Technology, Cognition, Education (Revised May 2000)

Fall, Winter/Coordinated Study

Faculty: Thad Curtz, Ju-Pong Lin, David Paulsen, Rachel Scherr

Enrollment: 84

Prerequisites: None

Faculty Signature: No

Special Expenses: Up to $40 for field trips and performances.

Internship Possibilities: No

Travel Component: None

All sorts of people are getting on the Internet—government officials and cyberpunks, Nigerians and Australians, school kids and scientists. The news is full of pronouncements about cyberspace and the information revolution; some of them claim that earlier changes in communications led to profound transformations of consciousness, politics, education and social life, and that we’re in the midst of another one. Do you think that moving from a world in which everything has to be spoken and remembered to one in which people write things down makes a big difference in how people learn?
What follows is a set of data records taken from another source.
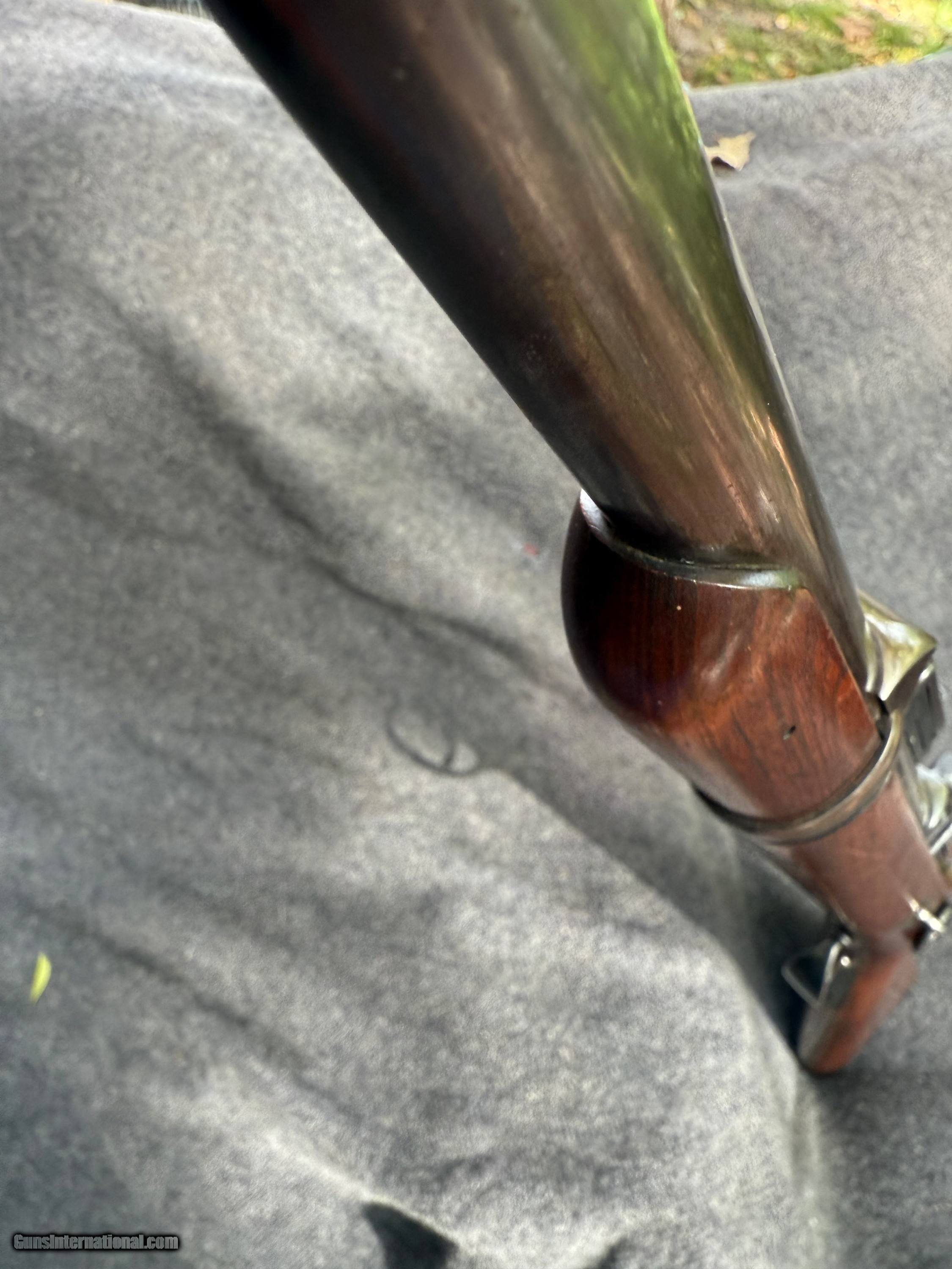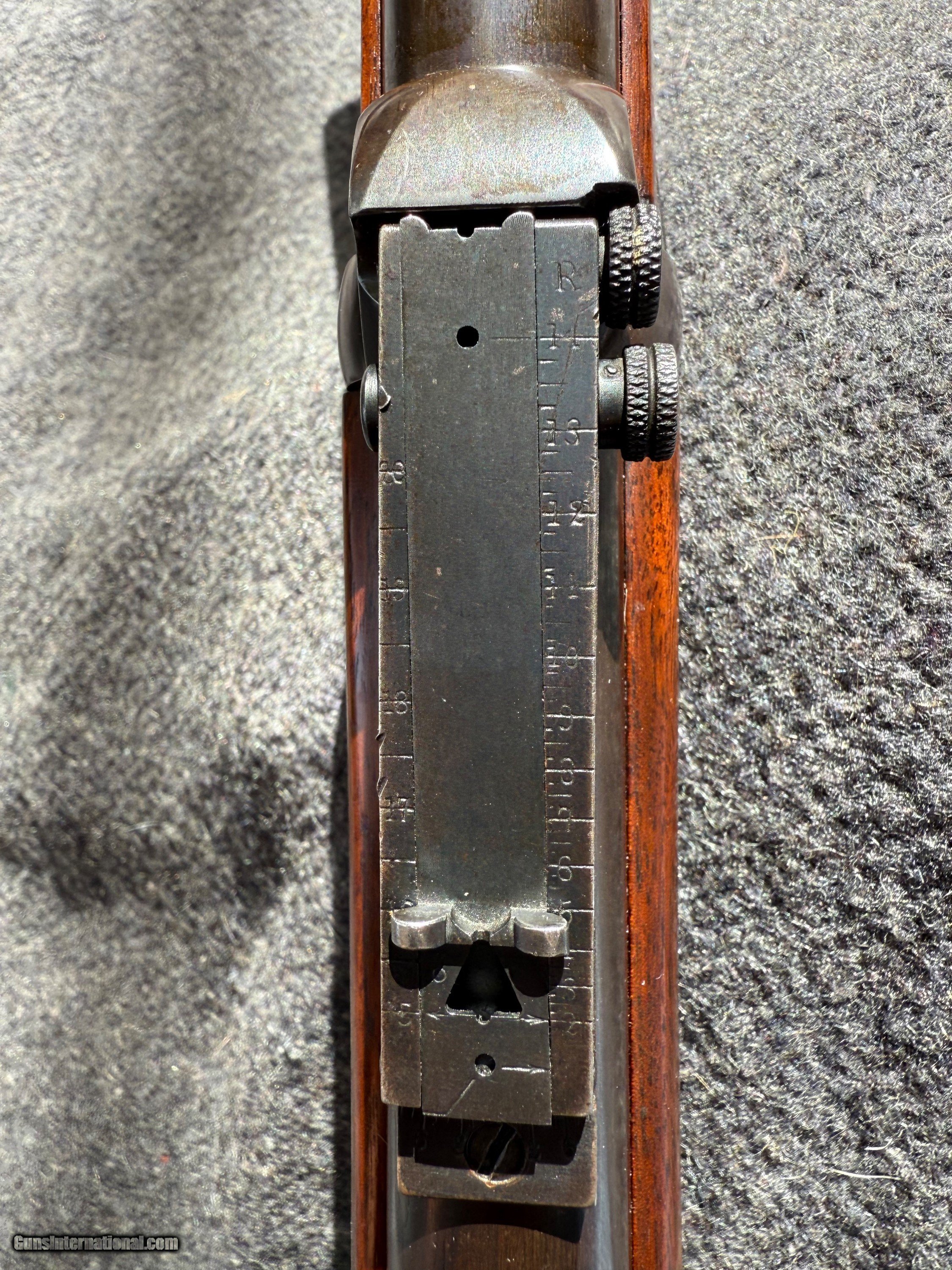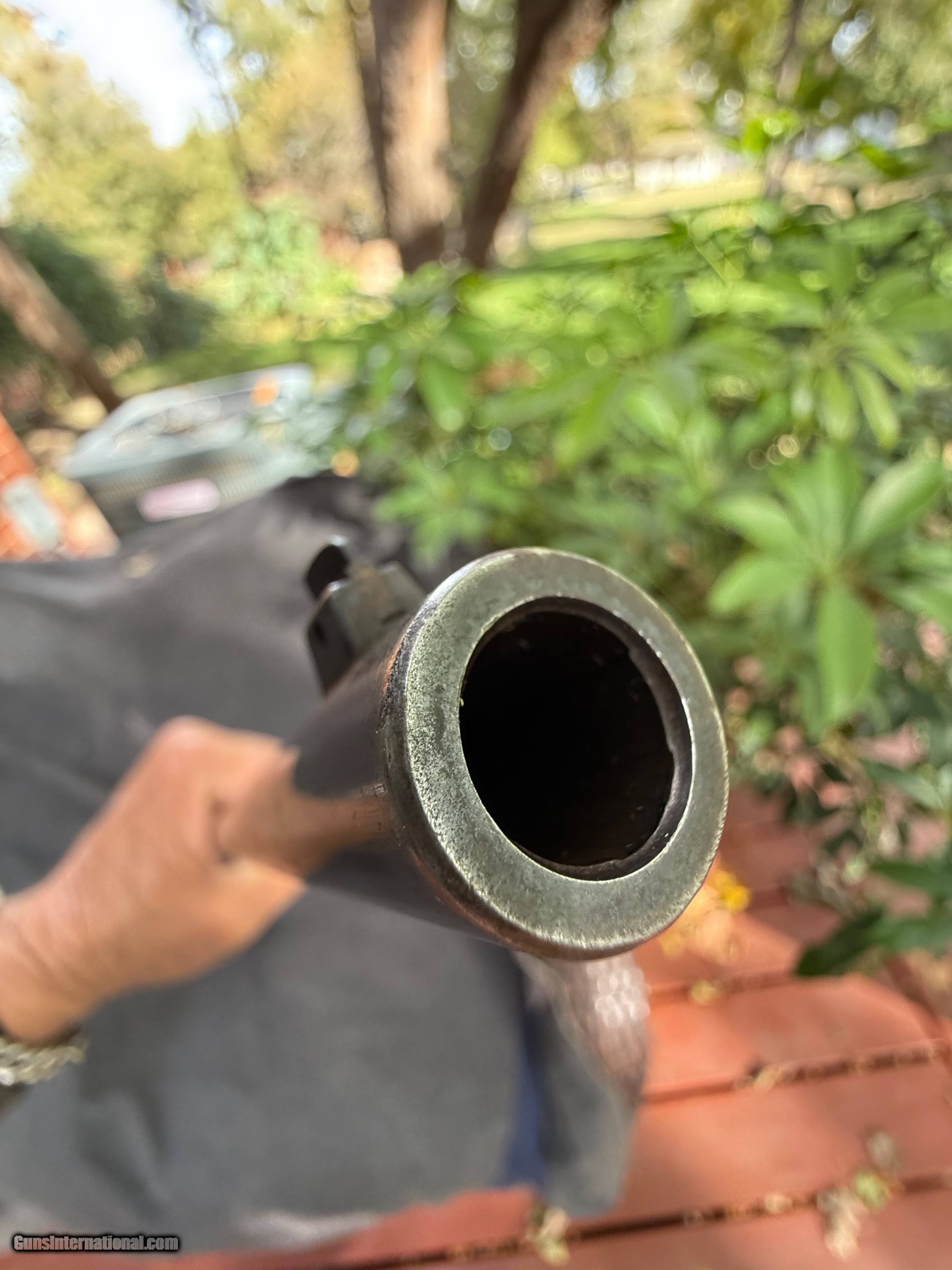 Overall Condition: This rifle retains about 90% of its metal finish. The metal shows scratches and dings. The barrel shows thinning at the muzzle, and small specklings of surface oxidation. Overall, this rifle rates in about Very Good Plus condition for its age.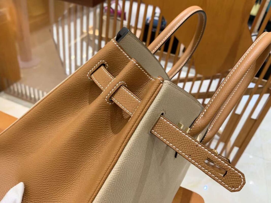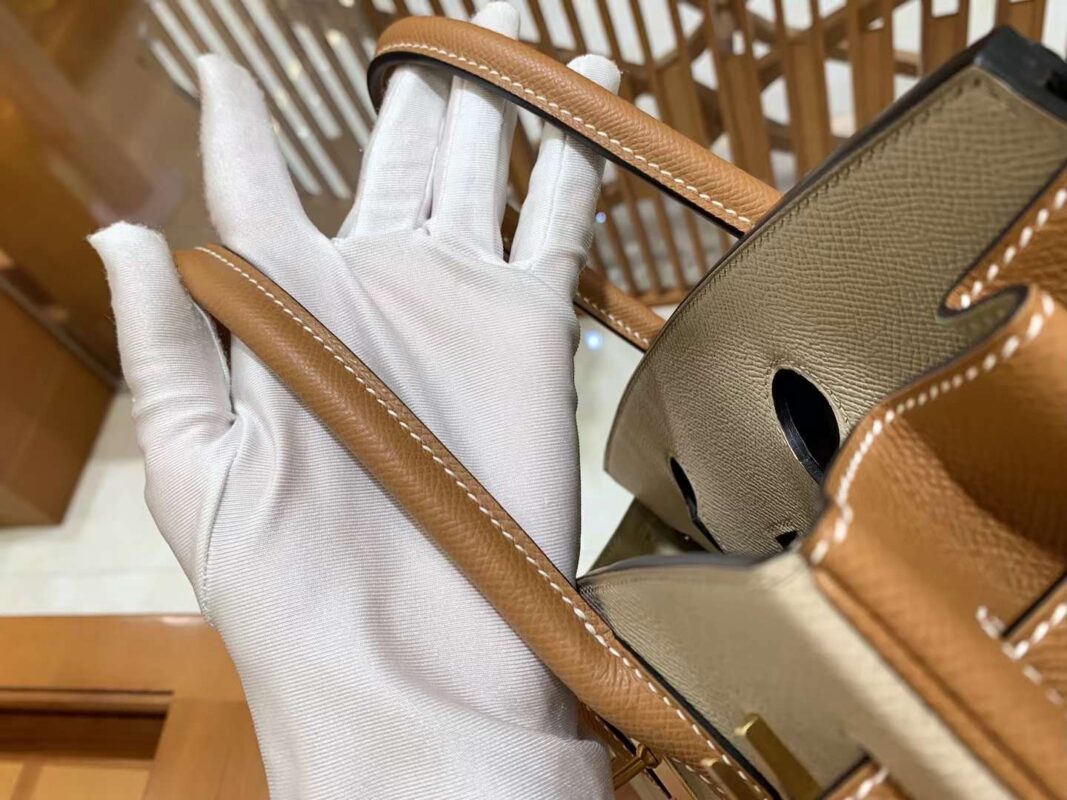 BK30cm Turtle Dove Grey with Golden Brown Gold Buckle. Imported Epsom Cowhide. French Original Beeswax Thread. Fully Hand Sewn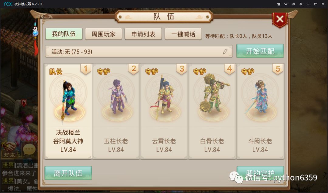 我的思路是,隔一段时间对夜神模拟器截图,再对这张截图文字识别,判断“斗阙长老”和“白骨长老”是否存在于识别出的字符串中。当然,也可以判断长老数量是否小于等于2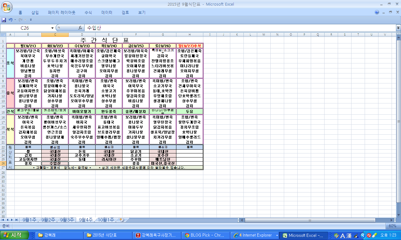 2015³â 9¿ù 4ÁÖ ½Ä´ÜÇ¥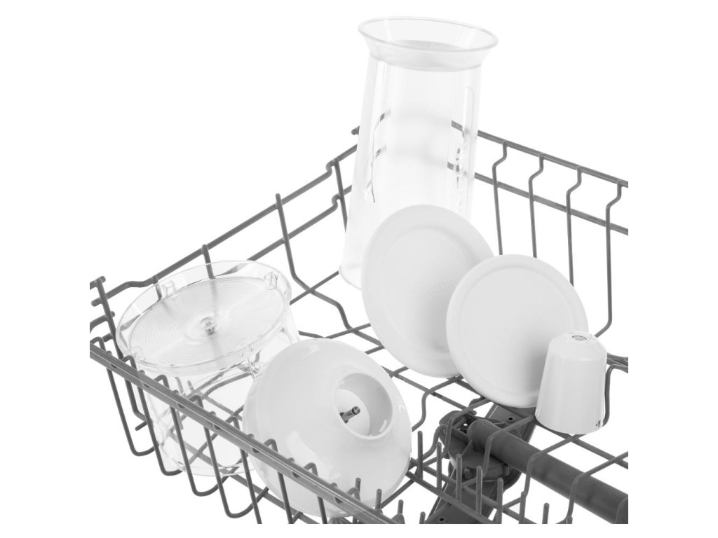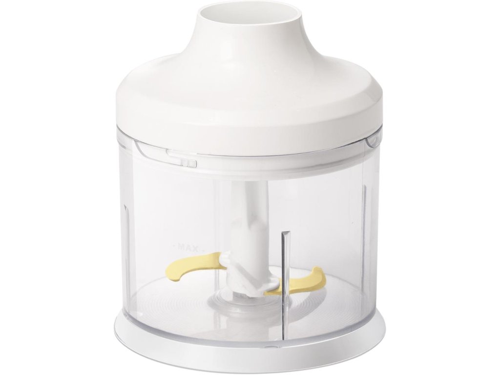 Součástí balení je 700ml mixovací nádoba, 500ml nádoba na sekání, nerezová šlehací metla a protiskluzová podložka.

How about going from scribes’ manuscripts to printed books? Do you think photography, film, television and video are changing how you think and feel and act? For better or for worse . . .? Will the rapidly unfolding conversion of words and images to digital versions flowing around the planet at electronic speeds make much difference in people’s experiences and the course of history?

This program explores questions such as these, drawing on the faculty’s backgrounds in philosophy and cognitive science, video and installation art, and literature. Our central focus will be on developing our capacity to respond to, describe and share the ways in which different sorts of representations express, convey and shape experiences. Since the communication of experience through representations of various kinds is a central part of education, we’ll be interested throughout the program in how changes in technologies for representation have affected the ways people got educated in the past, and what current and past changes in such technologies might suggest about how we should be getting educated now. A lot of our work will involve careful reading, writing and discussion; we will also spend time learning to use computers and media equipment, doing studio assignments using video equipment, and working in the computer labs.

We’ll begin by looking at the history of several sorts of representation: writing, images, and the visual display of quantitative information. Then we’ll focus on some case studies:the shifting relations between orality and literacy in the time of Socrates, in colonialism and today; the creation of "realistic" representation in painting and literature and its ongoing destruction in this century; and the effects of modern media from the telegraph to contemporary electronic art and proliferating Web technologies. We’ll study theoretical and historical works such as Ong’s Orality and Literacy and Plato’s dialogues as well as contemporary material, art as well as theory. One way and another, we will keep circling around our central questions. Speech, writing, print, visual images, cyberspace: how do the means that we have available for communicating shape what we experience, if they do?

What effects have the changes in them had on education, and should the ways in which they’re shifting now change how we’re educating ourselves, or not?

Credit awarded in art history, cognitive science, communications theory, expository writing, history, literature and media production.

Total: 16 credits each quarter.

Program is preparatory for careers and future studies in any discipline that centers on interpretation, including literature, communications, linguistics, education, psychology, journalism, philosophy, cognitive science, history, anthropology, art history or law, as well as for further work in media or multimedia.